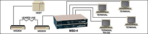Modem Sharing Devices는 RS-232 DTE 장치가 전용 회선 및 다이얼 회선 모뎀 또는 DSU를 공유할 수 있도록 설계되었습니다. 마스터 포트에 도착하는 데이터는 모든 하위 채널에 지속적으로 브로드캐스트됩니다. RTS 제어 신호를 발생시키는 연결된 터미널 장치에는 자동으로 MSD 제어권이 부여됩니다. 최대 128Kbps의 데이터 속도가 지원됩니다.
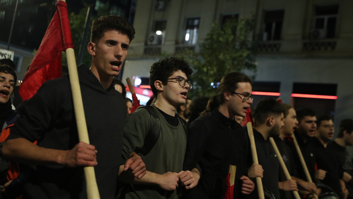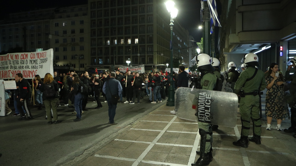 Προς το Σύνταγμα κατευθύνονται εκατοντάδες νεαρά άτομα, κρατώντας σημαίες και πανό, και φωνάζοντας συνθήματα.
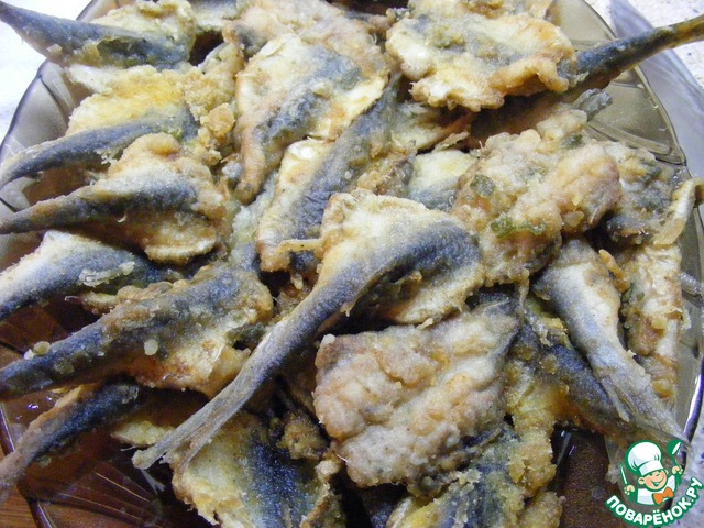 Boquerones en adobo - Золотистая, хрустящая, сочная, пикантная... Могу продолжать описывать эту рыбку до бесконечности... Это блюдо национальная особенность приморской Андалусии. В любом ресторане в огромном количестве, по цене, доступной для каждого кошелька, стоит во главе стола BOQUERON - это так испанцы кильку называют (бокерон). Приглашаю Вас к столу, отведать эту чудесную золотую рыбку.
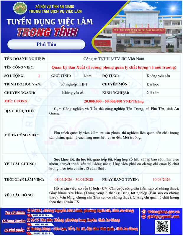 Công ty TNHH MTV JIC Việt Nam tuyển dụng trưởng phòng quản lý chất lượng
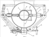 Полудиффузоры 23 и 30 установлены на цилиндрических шарнирах 22, закрепленных сваркой на конической части отводящей водяной магистрали 9. Полусопла 4, 10 имеют кронштейны 25 с пазами 26. Полудиффузоры 23,30 имеют кронштейны 27 со штифтами 28, входящими без зазоров в пазы 26 кронштейнов полусопел.
----------
ASSIGNMENT – Each record above should be restated word for word. The pictures should not appear.

FINAL ANSWER –
Modem Sharing Devices는 RS-232 DTE 장치가 전용 회선 및 다이얼 회선 모뎀 또는 DSU를 공유할 수 있도록 설계되었습니다. 마스터 포트에 도착하는 데이터는 모든 하위 채널에 지속적으로 브로드캐스트됩니다. RTS 제어 신호를 발생시키는 연결된 터미널 장치에는 자동으로 MSD 제어권이 부여됩니다. 최대 128Kbps의 데이터 속도가 지원됩니다.
 Προς το Σύνταγμα κατευθύνονται εκατοντάδες νεαρά άτομα, κρατώντας σημαίες και πανό, και φωνάζοντας συνθήματα.
 Boquerones en adobo - Золотистая, хрустящая, сочная, пикантная... Могу продолжать описывать эту рыбку до бесконечности... Это блюдо национальная особенность приморской Андалусии. В любом ресторане в огромном количестве, по цене, доступной для каждого кошелька, стоит во главе стола BOQUERON - это так испанцы кильку называют (бокерон). Приглашаю Вас к столу, отведать эту чудесную золотую рыбку.
 Công ty TNHH MTV JIC Việt Nam tuyển dụng trưởng phòng quản lý chất lượng
 Полудиффузоры 23 и 30 установлены на цилиндрических шарнирах 22, закрепленных сваркой на конической части отводящей водяной магистрали 9. Полусопла 4, 10 имеют кронштейны 25 с пазами 26. Полудиффузоры 23,30 имеют кронштейны 27 со штифтами 28, входящими без зазоров в пазы 26 кронштейнов полусопел.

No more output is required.